The two major manifestations of Haim-Munk syndrome are dermatological abnormalities and juvenile periodontitis. Individuals identified with the Haim-Munk syndrome show more severe skin abnormalities than groups with Papillion-Lefevre syndrome. Extensive palmoplantar hyperkeratosis typically begins within the first two to three years of life. At birth the palms and soles are bright red in color and then progress to a callused and scaly appearance. As the patient gets older the disease often involves thick scaly patches on the entire front and back area of the hands and feet, as well as the elbows and knees. A typical pattern of periodontis with Haim-Munk syndrome is as follows: initially the deciduous (baby) teeth appear at the normal time but the gums proceed to swell and bleed. Usually all the deciduous teeth fall out by age four, the mouth then heals and the secondary teeth begin to appear, severe gingival inflammation develops and the majority, or all, of the permanent teeth often fall out by age 15. Individuals with Haim-Munk syndrome may also have some of the following signs and symptoms: * wasting (atrophy), or thickening, of the nails * a deformity of the fingers called arachnodactyly—abnormally long, thin, tapered fingers and toes * lack of normal blood flow to the extremities that results in numbness and tingling in the fingers and/or toes. It also can cause loss of bone tissue at the ends of the fingers and/or toes (acroosteolysis) * a curve of the bones in the hands causing claw-like features * flat feet (pes planus) * recurrent pus-forming (pyogenic) skin infections
There are no published diagnostic criteria for Haim-Munk syndrome. Researchers use clinical examination of inbred Jewish Cochin descendents to confirm the presence of Haim-Munk. Diagnosis of Papillion-Lefevre syndrome is confirmed by red, thick callused skin on the palms and soles at birth and dental problems that are usually present by age five. Affected individuals are diagnosed with Haim-Munk syndrome when all of the following features are present: * palmoplantar keratoderma * thick, rough, and scaly patches of skin on the forearms and legs * severe early onset periodontitis * arachnodactyly * abnormal changes of the nails Radiology is used to view the thin and tapering bone deformities in the fingers and dental problems associated with Haim-Munk syndrome. Genetic testing can confirm the mutation of the cathepsin C gene. Genotyping for polymorphic DNA markers (D11S1887, D11S1367, and D11S1367) are used to identify the presence of the cathepsin C gene mutations associated with Haim-Munk syndrome.

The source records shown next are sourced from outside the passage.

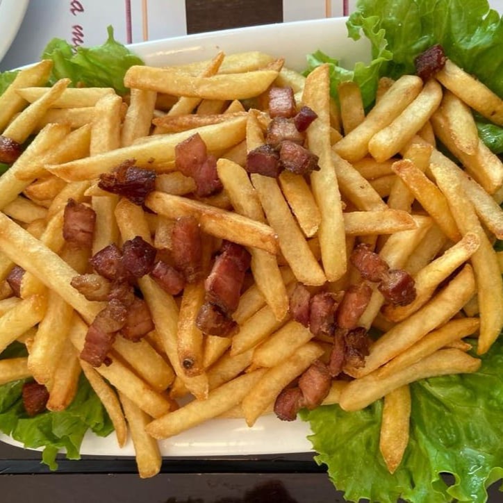 Batatas fritas com bacon ou cheddar. Aproximadamente 600g.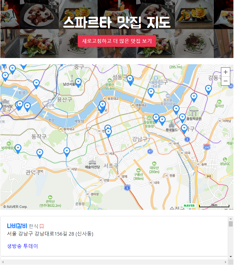 몇번째 요소인지 확인할 수 있는 값과 json형태인 맛집정보를 가져와서 스크롤박스에 추가 시켜준다.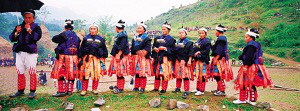 白裤瑶女人体态婀娜。这婀娜既来自于她们风摆杨柳般的百褶裙,也来自身上前后两片的夏衣。夏衣,黑色的调子,没领,没袖,前面是一块和肩膀宽度相等的正方形素布,后面则是用蚕丝布来制作的裙边土布,上面绘满了蜡染和花绣图案。用浆染土布缝制成的百褶裙上,布满了手绘而成的彩色图案。其最复杂的工序,一是借粘膏树汁凭空勾画,二是用花线依着粘膏树汁描过的隐约印痕,一点一点地挑绣出彩色图纹来。做好一条裙子,往往需要花上女人们半年的时间。
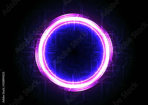 Wall mural abstract vector technology design background concept with circuit and ring light effects background,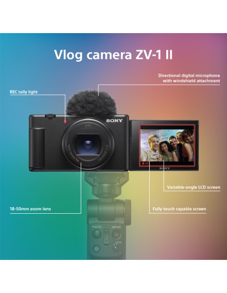 ZV-1 II è la vlog camera perfetta per creare le tue storie e condividere il tuo mondo. Dotata di un obiettivo con zoom integrato da 18-50 mm che consente di catturare il mondo circostante e di mettere a fuoco da vicino i soggetti, ZV-1 II offre un'ottima qualità video 4K grazie all'ampio sensore da 1".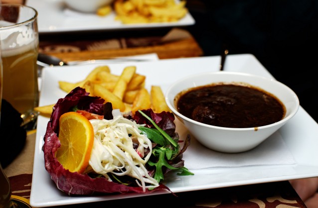 Naast friet zijn aardappelpuree of aardappelkroketten ook lekker op je bordje zuurvlees. Doe daar dan spruitjes met spekjes of rodekool bij. En natuurlijk wat lekkers te drinken: een glas stevige rode wijn, een goed abdijbier of een glas port.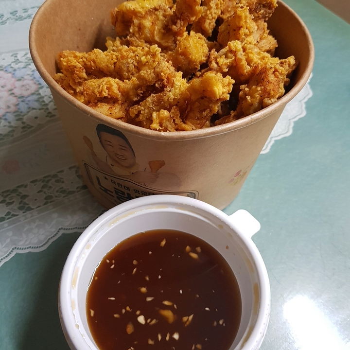 마늘소스가 되게 묽다 부먹하면 엄청 눅눅해질거같아서 찍어먹었는데 소스가 묽어서 담금질을 두세번 해야됨 #eun_item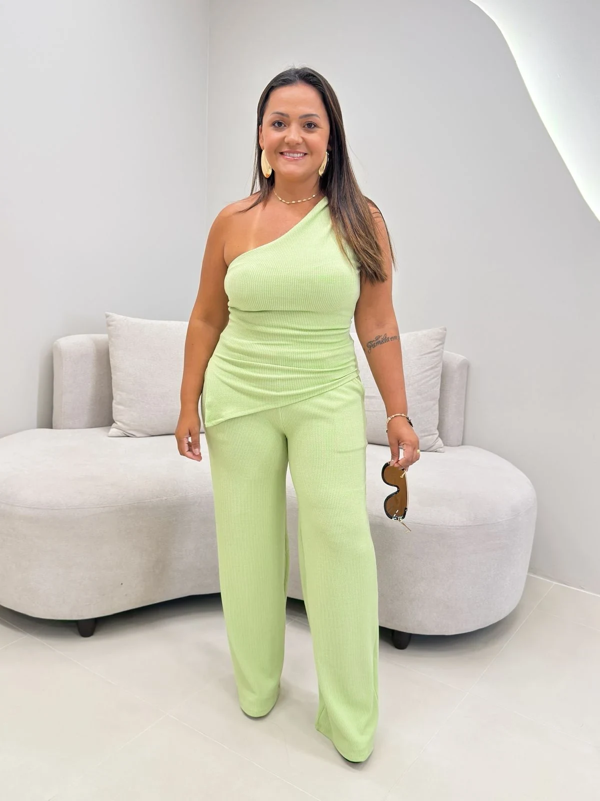 Com design assimétrico de um ombro só, ele valoriza o corpo de forma elegante e moderna. A blusa tem caimento impecável e a calça com modelagem reta alonga a silhueta, deixando o look sofisticado e confortável ao mesmo tempo.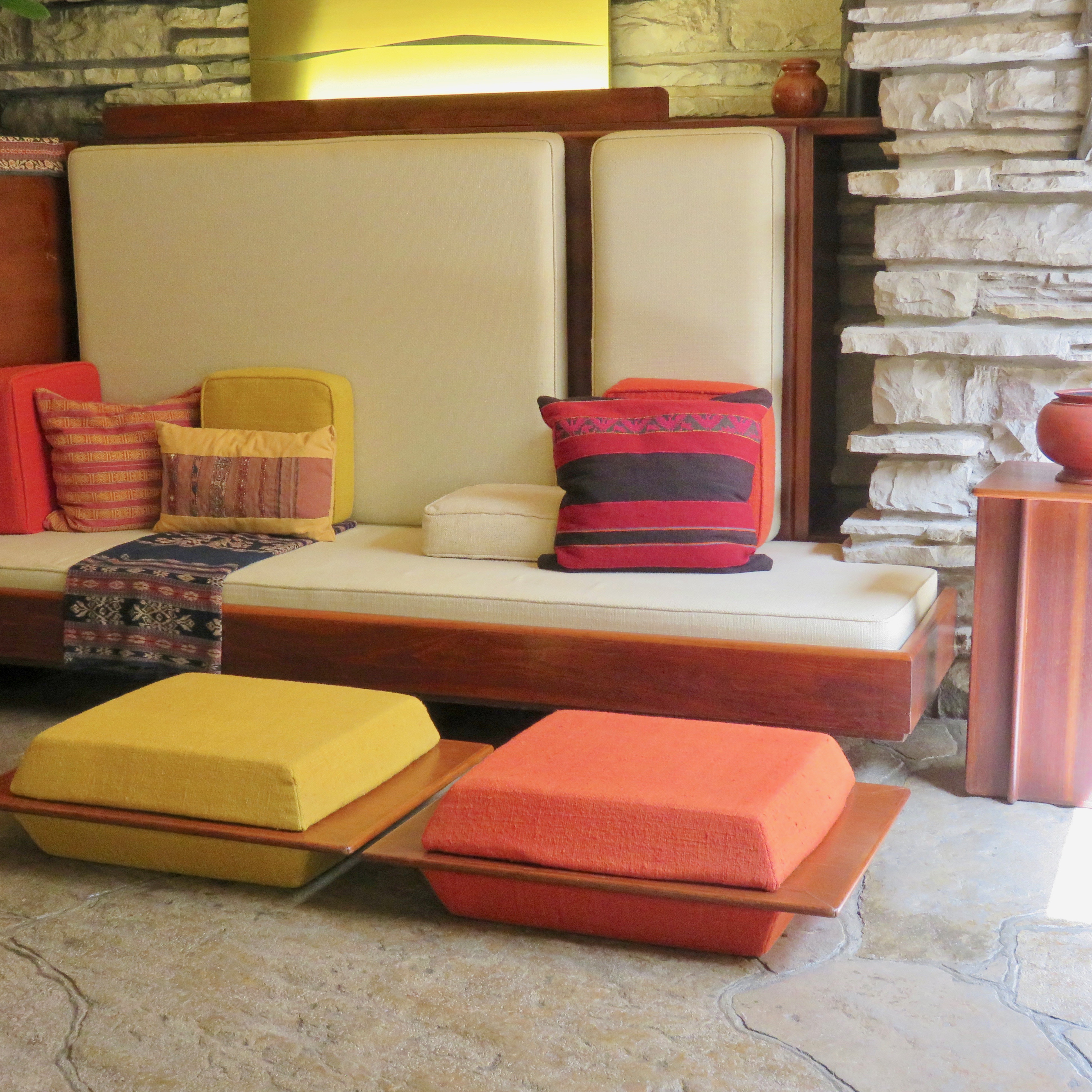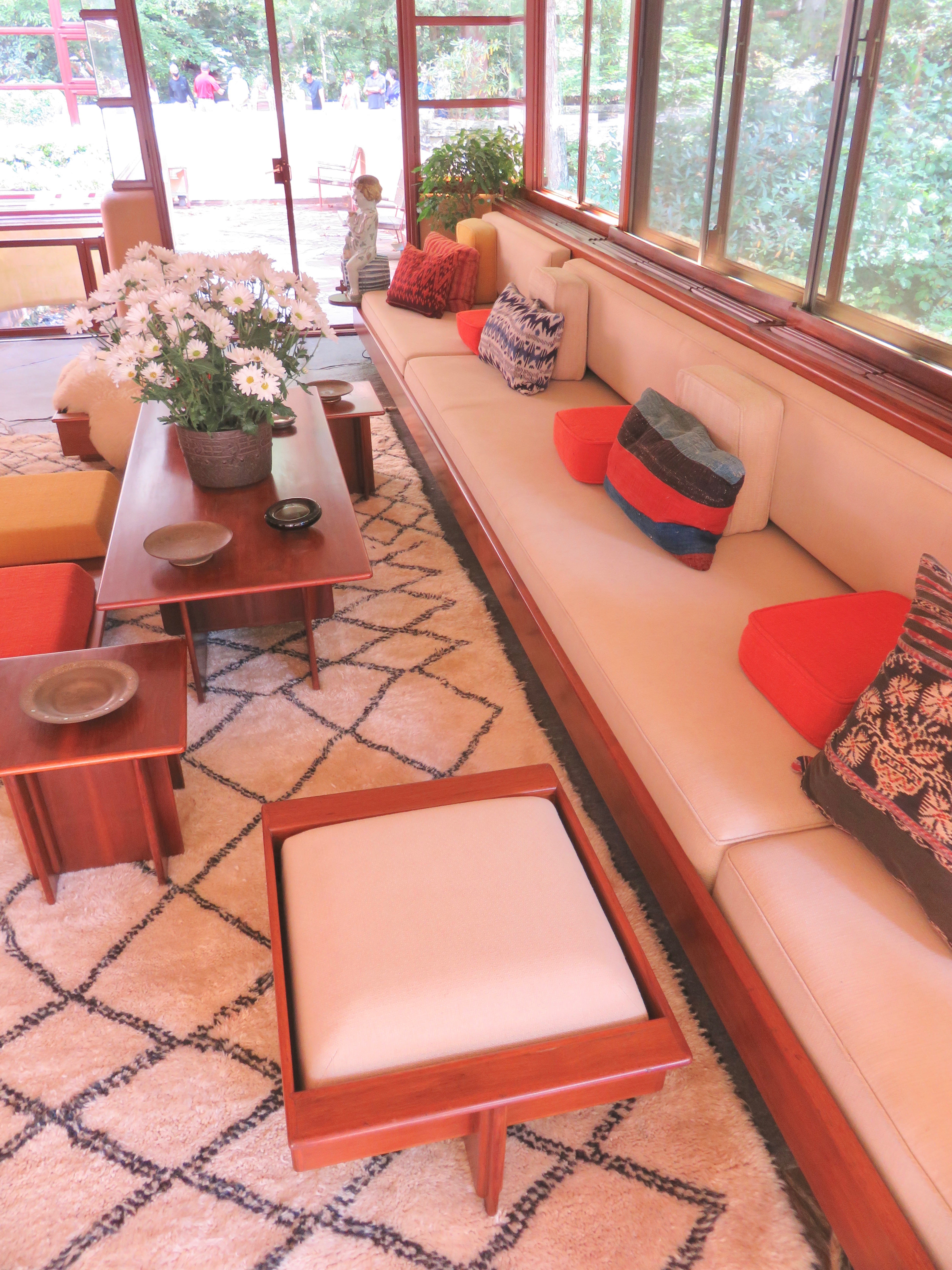 Like all of FLW’s buildings, Fallingwater was designed as a cohesive whole. His design package included custom doors, windows, and light fixtures; bespoke built-in furniture; and natural landscaping that married the house surroundings to the interior of the structure.

A normal life span has been reported for individuals with Haim-Munk syndrome. Loss of the baby teeth may occur by age six and loss of the permanent teeth by age 15; however, general health is not impaired and dentures are well tolerated.
Treatments include extraction of the teeth and use of dental prosthesis, or dentures. Medications are also used to treat skin lesions associated with this disorder.